Late Quaternary events on the Kanawha River reflect local base-level control by the Ohio River as well as complex response mechanisms acting within the Kanawha River basin. An influx of glacial outwash caused aggradation in the Ohio River Valley about 22 ka B.P., which raised the base level of the Kanawha River and resulted in a back-filling of the valley. Glaciers retreated from the Ohio River basin by 13 ka B.P., reducing sediment supply and triggering incision on the Ohio and Kanawha Rivers. The incision left a well-defined late Wisconsin terrace in the Kanawha River Valley. The tread of this terrace lies at about 600 feet in elevation at the mouth of the Kanawha River and has a much lower gradient than the modern floodplain. The low gradient of this terrace indicates that the volume of sediment provided by the New/Kanawha fluvial system was not sufficient to maintain a constant gradient during the rise in base-level at the river’s mouth.

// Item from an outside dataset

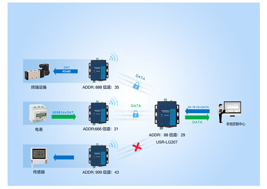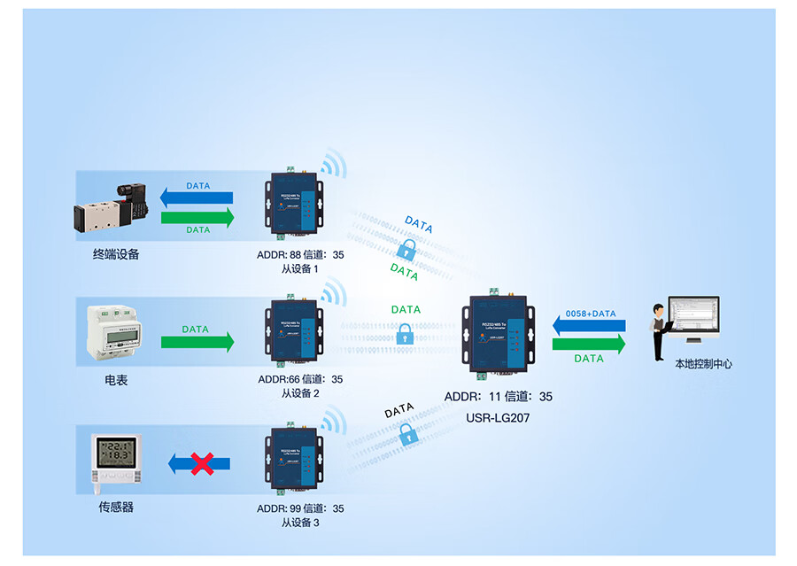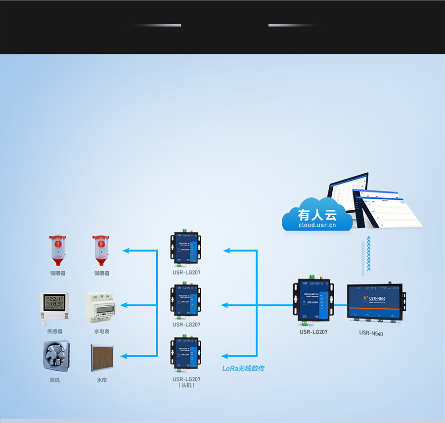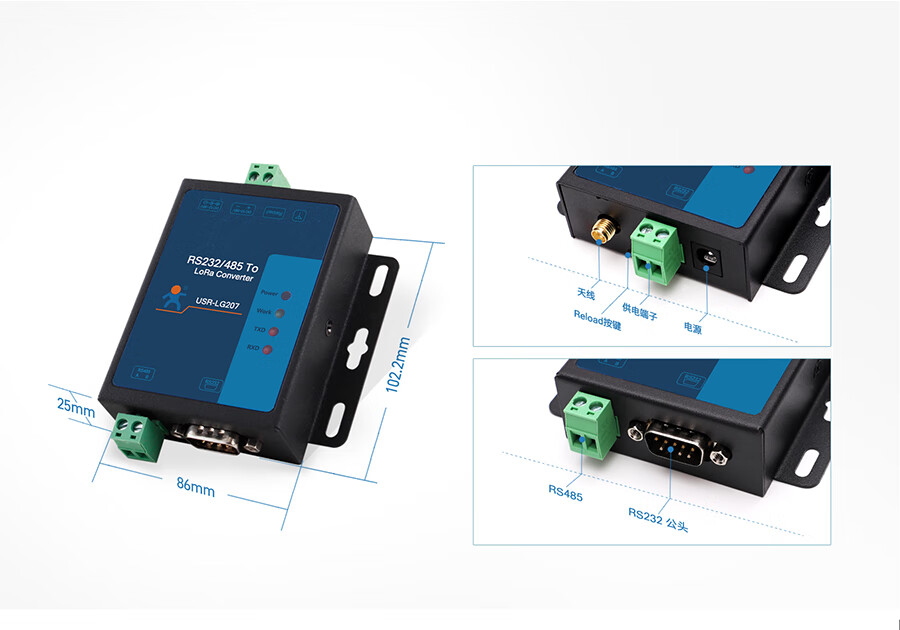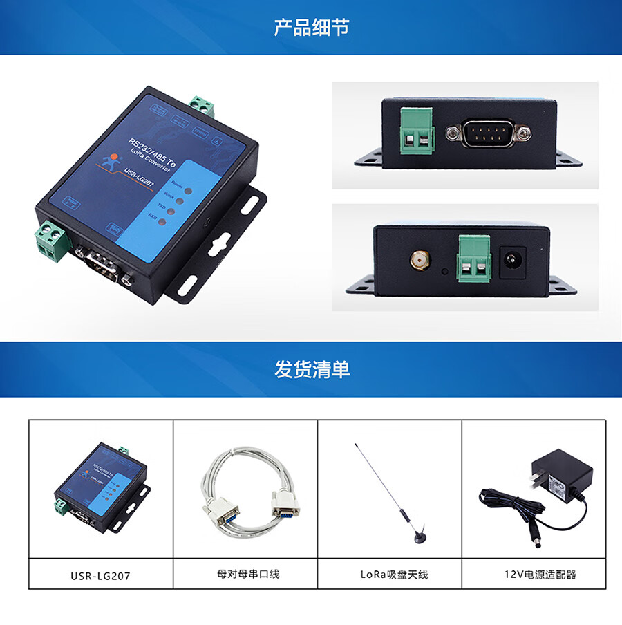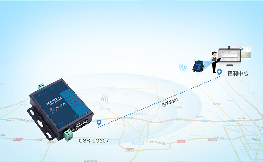 IoT high-power LoRa wireless data transmission terminal serial port point-to-point communication 8000 meters long-distance transmission USR-LG207

An early Holocene terrace can also be identified in the Kanawha River Valley which probably formed because of a complex response initiated by late Wisconsin incision and early Holocene knickpoint migration. The sediment released by upstream incision caused renewed aggradation in the lower reaches of the Kanawha River and formed a terrace with an elevation of about 580 feet in elevation at the river’s mouth. Well-dated stratigraphic sequences at St. Albans and Dunbar show unconformities between Late Wisconsin and Holocene deposits.

Levee development was also an important component in the formation of the early Holocene terrace, and sedimentation rates of >4 m/ka have been documented on the levees. Early Archaic sites on levees indicate that the lower Kanawha River has been relatively stable and its meanders have not migrated significantly during the last 8,000 years.